Detto questo, siamo in democrazia e quindi – nei limiti di legge – siamo tutti liberi di fare ciò che vogliamo: anche di inventare hashtag e di incatenarci ai cancelli dello stadio o alla Volvo di Ausilio. A me però scoccia una cosa, e scoccia parecchio: scoccia se ci si incatena facendo finta che le cose vadano in un certo modo, quando invece sappiamo tutti benissimo che no, non vanno così, e non vanno così da un sacco di tempo, e che il nostro incatenarci è una roba di maniera.

In un mondo perfetto l’Inter si terrebbe i suoi giocatori migliori, venderebbe i peggiori, con il ricavato dei peggiori ne prenderebbe altri migliori rispetto a quelli di cui si è liberata. E sì, certo, se tutto funzionasse così l’Inter sarebbe migliore. E con un irresistibile effetto domino le nostre domeniche sarebbero migliori, il mondo stesso sarebbe fottutamente migliore così come sarebbe migliore anche il nostro umore generale, e il Mulino Bianco al confronto sarebbe la Cayenna.

Ma non è così. L’Inter oggi è una squadra che manco si è qualificata per il trilionesimo turno preliminare dell’Europa League da giocare in Lapponia. L’Inter oggi è una squadra con i conti sotto sorveglianza, che fa il mercato con il metodo Findomestic ed è – ci piaccia o no – formalmente ai margini di un sistema calcistico-solare che solo 5 anni fa ci vedeva al posto del Sole e ora ci vede girare al largo tipo Plutone. Oggi l’Inter è una squadra che si sta riformando, secondo un progetto che è tanto affascinante quanto pieno di incognite. Dal punto di vista solo sportivo – erba, pallone, calci, gol, vittorie, quelle robette lì – dobbiamo rimontare posizioni su posizioni. Per rimontare davvero, servono vittorie. E servono soldi. Che ti arrivano con le vittorie. E’ un circolo dannatamente vizioso, bisogna avere soldi e vincere, e non si sa bene da dove poter cominciare.

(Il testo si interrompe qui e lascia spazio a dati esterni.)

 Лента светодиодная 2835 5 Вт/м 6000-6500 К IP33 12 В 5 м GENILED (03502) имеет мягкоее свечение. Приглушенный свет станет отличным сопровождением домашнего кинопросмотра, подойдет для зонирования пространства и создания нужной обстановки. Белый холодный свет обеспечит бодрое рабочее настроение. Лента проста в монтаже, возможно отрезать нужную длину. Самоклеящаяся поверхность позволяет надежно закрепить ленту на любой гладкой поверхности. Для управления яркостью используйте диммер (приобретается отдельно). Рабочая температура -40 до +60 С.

Kovacic non lo venderebbe nessuno, se non costretto. Ecco, io temo che ci siamo costretti, molto semplicemente. Per cui non vedo l’utilità di incatenarsi per una simile eventualità. Sono mesi che leggo di un’Inter costretta a fine stagione a vendere qualche gioiello per poter andare sul mercato con una liquidità degna di questo nome ecc. ecc., e quando viene il momento di vendere i gioielli noi ci incateniamo come se fosse un fulmine a ciel sereno? Come ci avessero avvertito 5 minuti prima, a tradimento?

A proposito: di quanti gioielli disponiamo? Se uno – Icardi – abbiamo deciso di tenerlo, quanti altri ne abbiamo degni di questo appellativo? Uno è Kovacic, non c’è alcun dubbio. E poi? Chi sono quei due o tre che hanno davvero un mercato a otto cifre? Se dobbiamo vendere – e non c’è dubbio che lo dobbiamo fare – su quali nomi possiamo davvero ragionare da pari a pari con i falchi del mercato, in tavoli a cui noi purtroppo ci sediamo senza l’autorevolezza che ti darebbe un’altra dimensione (che dipende dalle vittorie, da cui dipendono i soldi: il circolo merdoso di cui sopra)?

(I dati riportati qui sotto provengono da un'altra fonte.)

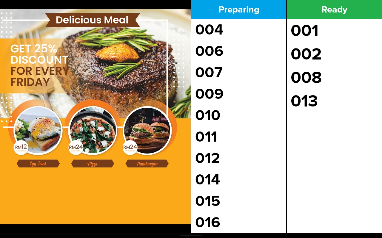 - คุณสามารถผสานรวมและเชื่อมต่อระบบ POS หรือระบบแสดงสินค้าในครัว (KDS) กับ CDS ได้อย่างราบรื่น และแสดงไปยังจอแสดงผลที่ลูกค้าต้องเผชิญ เพื่อให้ลูกค้าเห็นสถานะการสั่งซื้อสำหรับการรวบรวม/บริการด้วยตนเอง

Piange il cuore vendere Kovacic. E io infatti spero che resti. Ma non mi incateno, nè perdero il sonno se Mateo sarà sacrificato e firmerà con il Liverpool o chicchessia. Kovavic è il Coutinho dei Balcani, almeno per ora. Giocatori eccelsi e giovani e che non ti risolvono granchè. Colpi magici e tante partite senza incidere, invenzioni favolose e una marea di 5 in pagella. Cresceranno, diventeranno grandi, io glielo auguro, o magari grandissimi. Non qui, temo. Il Liverpool arriva da uno scintillante ottavo posto, forse Coutinho non basta, così come non sarebbe bastato a noi. Io so già come finirà, che su Facebook vedrò postare i video dei tunnel di Kovacic, gli assist di Kovacic, delle trivele di Kovacic… pazienza, non si può avere tutto dalla vita.

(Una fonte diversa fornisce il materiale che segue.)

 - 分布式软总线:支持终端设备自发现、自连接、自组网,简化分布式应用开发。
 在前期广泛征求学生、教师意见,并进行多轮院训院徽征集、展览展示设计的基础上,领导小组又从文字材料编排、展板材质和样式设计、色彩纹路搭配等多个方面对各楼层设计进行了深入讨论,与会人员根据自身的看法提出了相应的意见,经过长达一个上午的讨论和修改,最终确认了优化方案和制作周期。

Il nostro problema è che dobbiamo scegliere di vivere di rimpianti per Kovacic o di continuare a vivere con l’attesa di Kovacic, ma con le pezze al culo. Il problema sarebbe vendere Kovacic per riprendere un Thiago Motta, ecco, ma voglio sperare che non si arrivi a tanto. Io non mi incateno e non faccio lo stratega di mercato con l’Iban degli altri. Io tifo Inter e basta, voglio uscire dalla palude costi quel che costi, fosse anche il sacrificio di un giovane croato di cui ricordo 10 cose illuminanti, 3 gol allo Stjarnan e poco altro, purtroppo per lui e purtroppo per me.